= Canadian Christian Meditation Community =

The Canadian Christian Meditation Community (CCMC) is part of the World Community for Christian Meditation (WCCM), which was founded in 1991 to foster the teachings of Benedictine monk and priest, Fr. John Main, O.S.B. (1926–1982). Fr. Main taught a way of Christian meditation which he based on parallels he saw between the spiritual practice taught by Desert Father John Cassian and the meditative practice he had been taught by the Swami Satyanandain in Kuala Lumpur. In 1977, Fr. John started a small Benedictine community in Montreal, Quebec, Canada, thus bringing this form of contemplative prayer to Canada. The Canadian Community's national office is located in Montreal.

The current director of the WCCM is Fr. Laurence Freeman, O.S.B., O.C., a student of John Main and a Benedictine monk of the Olivetan Congregation. On July 1, 2009, Michaëlle Jean, Governor General of Canada, announced the appointment of Fr. Freeman as an Officer of the Order of Canada.

The Community is a "monastery without walls", a family of national communities and emerging communities in over a hundred countries. The foundation of the Community is the local meditation group, which meets weekly in homes, parishes, offices, hospitals, prisons, and colleges. The World and Canadian Communities work closely with many Christian denominations and other faiths.

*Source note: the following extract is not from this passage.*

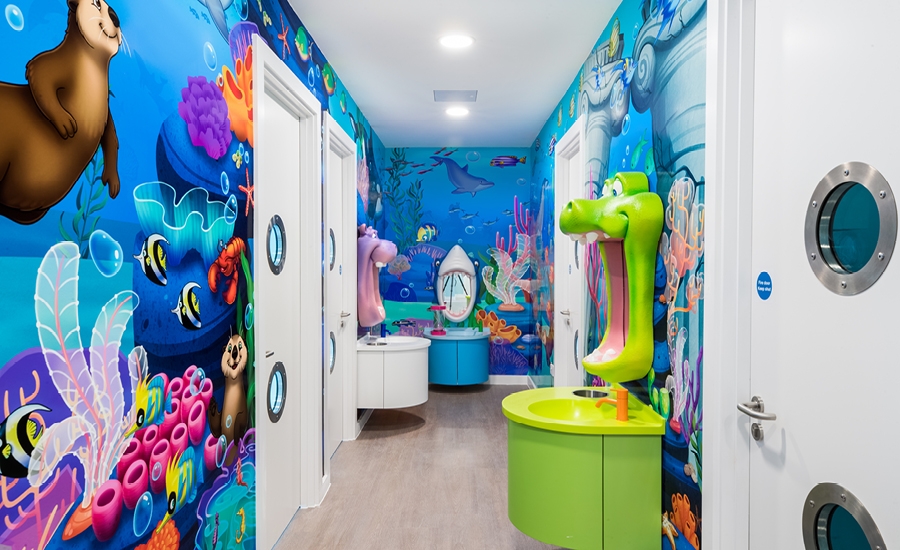 The brushing area has multiple stations, each with a different animal character mirror and full floor to ceiling murals to complement the 3D elements. No kid will resist brushing their teeth when they can do it in such a fun environment!

The Canadian Community sponsors retreats, schools for the training of teachers of meditation, lectures and other programs. A national quarterly spiritual and news publication of the Canadian Community is mailed to members and also available online. Information on current programs, connections to national coordinators and the location of meditation groups can be found on the Community website.

Medio Media is the communication and publishing arm of the World and Canadian Communities and offers a wide range of books, audio and videos to support the practice of meditation. The online bookstore is at Medio Media.

Fr. Main taught the practice and discipline of Christian meditation as follows:

Sit down. Sit still and upright. Close your eyes lightly. Sit relaxed but alert. Silently, interiorly begin to say a single word. We recommend the prayer phrase maranatha. Recite it as four syllables of equal length. Ma-ra-na-tha. Listen to it as you say it, gently but continuously. Do not think or imagine anything - spiritual or otherwise. If thoughts and images come, these are distractions at the time of meditation, so keep returning to simply saying the word. Meditate each morning and evening for twenty to thirty minutes.